* **Data**
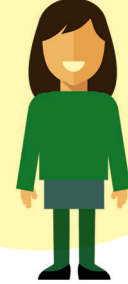
Grace Krause Swyddog Polisiau
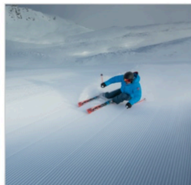
Caption: Atomic Redster XT File: DSC_5470_KeyVisual_CMYK
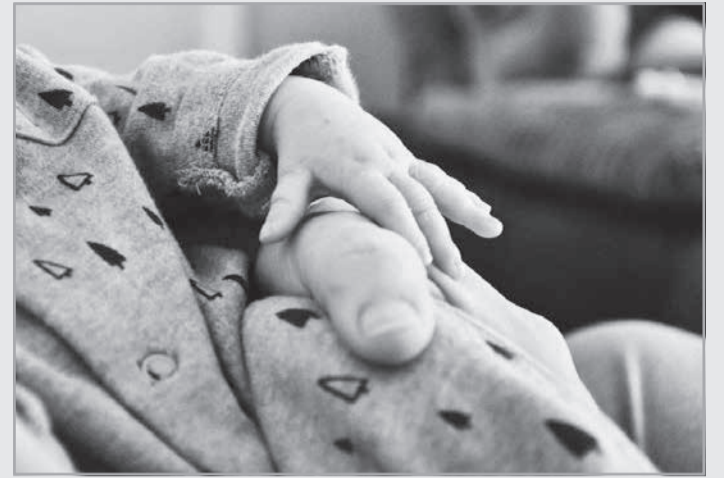
Ausência de compreensão pelo recém-nascido não afasta ocorrência de danos morais

Resumo em linguagem simples: Erro em diagnóstico gerou internação desnecessária de recém-nascido - Justiça entendeu que ausência de compreensão pelo recém-nascido não afasta a caracterização do dano moral - Laboratório foi condenado a pagar indenização por danos morais aos pais e à criança.
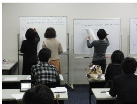
【グループ演習の結果発表】
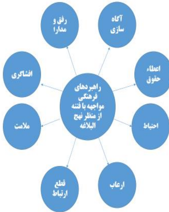
نمودار ۳. راهبردهای فرهنگی مواجهه با فتنه از منظر نهج البلاغه

فتنه‌ها به شمار آمده و در واقع تا زمینه‌های روشنگری در جامعه فراهم نشود، حاکمان، قدرت مهار فتنه‌ها با اقل هزینه و امکانات را نخواهند یافت. لذا هر کدام از راهبردهای دیگر به اقتضای شرایط موجود و مصلحت جامعه اسلامی قابل پیاده‌سازی خواهند بود.
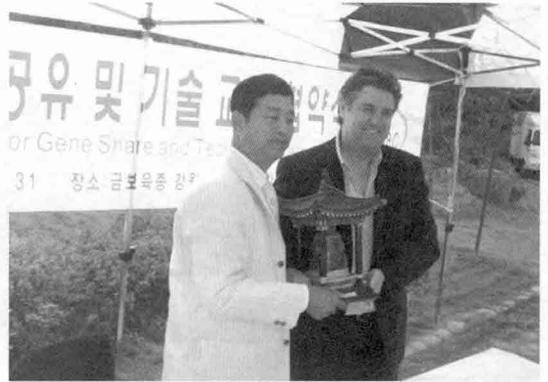
▲ 강원 GGP농장은 신축과 함께 전문군을 세계적인 육종회사인 캐나다의 세계적 육종회사 제네수스와 미국의 알도사로부터 GGP 종돈 전량을 도입해, PRRS음성농장 실현했다.
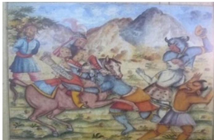
تصویر ۶: نگارهٔ نبرد رستم با ارژنگ دیو؛ نسخهٔ قرن ۱۱ هـ.ق.، کتابخانهٔ ملی ایران (بهادری، ۱۳۷۶: ۲۳۶)

خدایان دریاها و ایزدان توفان و صاعقه، پری دریایی و... شده‌است» (رستگار فسایی، ۱۳۸۸: ۱۲۴). در اساطیر ایرانی، همهٔ فره‌مندان به‌سادگی از آب می‌گذرند و گذر از آب، نمادی اساسی از حمایت یزدانی قهرمانان ایرانی است. در خان ششم، رستم برای نجات کیکاوس از بند دیو سپید، از رودی می‌گذرد (ر.ک؛ فردوسی، ۱۳۹۰: ۱۴۳). در این خان، رستم با وجود فرّ و ببر بیان، ارژنگ دیو را شکست می‌دهد و سرانجام، به خان هفتم راه می‌یابد. در نگارهٔ زیر (تصویر ۶)، نقاش بسته‌شدن اولاد به درخت را در پشت رستم، یعنی دور از میدان مبارزه به تصویر کشیده‌است که گویای وفاداری تصویر به متن اصلی است. علاوه بر کوه‌ها که نشان‌دهندهٔ گذر رستم در مازندران است، دیوان را موجوداتی با شکل‌های غیرانسانی، عجیب و غریب نشان می‌دهد که رستم وقتی بر ارژنگ پیروز می‌شود، بقیهٔ دیوان می‌گریزند که در تصویر زیر به خوبی به نمایش گذاشته شده‌است. دیوان به رنگ‌های آبی تیره، سفید و نارنجی تصویر شده‌اند و دو دیو بزرگ به رنگ آبی، بیانگر قدرت پوچ و بی‌ثمر و نیز روحیهٔ ناامیدی و یاسی است که آن‌ها در برابر رستم دچار شده‌اند. رنگ سفید به دو معناست: یکی نماد پاکی و معصومیت و دیگری ترکیبی از تمام طیف رنگ‌های سیاه، قرمز، آبی و زرد است (ر.ک؛ لوشر، ۱۳۸۸: ۴۷). در این نگاره، دیو سفید نمایانگر آن است که او تمام پلیدی‌ها، زشتی‌ها، شهوت‌ها و همهٔ ویژگی‌های زشت انسانی را دارد و کوه‌ها به رنگ خاکستری و قهوه‌ای هستند که نماد استواری و استحکام آن‌هاست (ر.ک؛ همان: ۷۵).
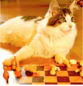
Naminiai gyvūnai COVID-19 neplatina, tačiau gali platinti kitas ligas, todėl po kontakto su gyvūnu būtina plautis rankas.

Prancūzijos maisto, aplinkos ir darbuotojų sveikatos ir saugos agentūra (ANSES) paskelbė, kad naminiai gyvūnai ir gyvuliai neplatina koronaviruso COVID-19. Tokias išvadas mokslininkai pateikė išnagrinėję visus šiuo metu turimus mokslinius duomenis apie naująjį koronavirusą. Analogiškas išvadas patvirtino ir Pasaulio gyvūnų sveikatos organizacija (OIE), Pasaulio sveikatos organizacija, Jungtinių Amerikos Valstijų ligų kontrolės ir prevencijos centras ir kitos tarptautinės organizacijos.
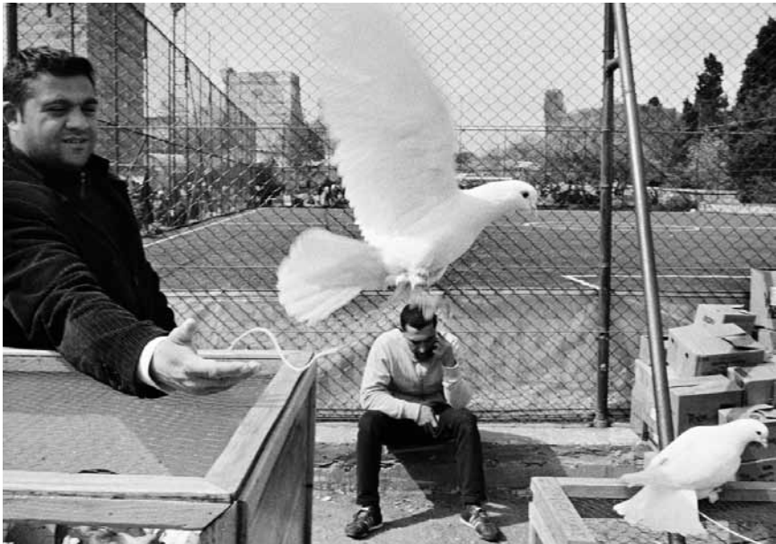
Colombes pacifiques qui apporte la paix et bien d'autres clichés d'Yvon Lambert vous attendent à Clervaux au jardin du Bra'Haus : « Histoires de frontières », jusqu'au 29 septembre prochain.
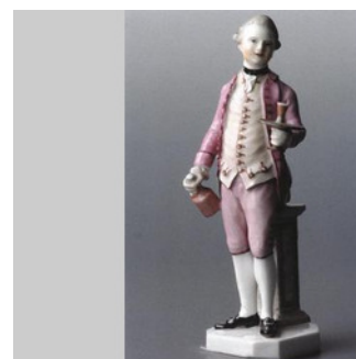
Kammerdiener mit Tablett, Zürcher Porzellanmanufaktur, um 1780/85
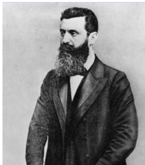
Slika 2: Oče političnega sionizma
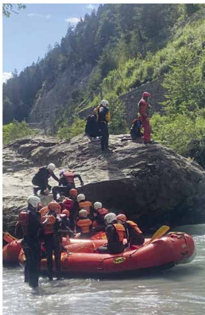
Einer der Höhepunkte des Pfadi-Sommerlagers: River Rafting in der Rheinschlucht.

* **What is expected**
Return exactly the lines that appear in the data above between the line containing "Resumo em linguagem" and the line containing "نمودار ۳. راهبردهای", both of which are included, and leave the pictures out.

* **Task answer**
Resumo em linguagem simples: Erro em diagnóstico gerou internação desnecessária de recém-nascido - Justiça entendeu que ausência de compreensão pelo recém-nascido não afasta a caracterização do dano moral - Laboratório foi condenado a pagar indenização por danos morais aos pais e à criança.
【グループ演習の結果発表】
نمودار ۳. راهبردهای فرهنگی مواجهه با فتنه از منظر نهج البلاغه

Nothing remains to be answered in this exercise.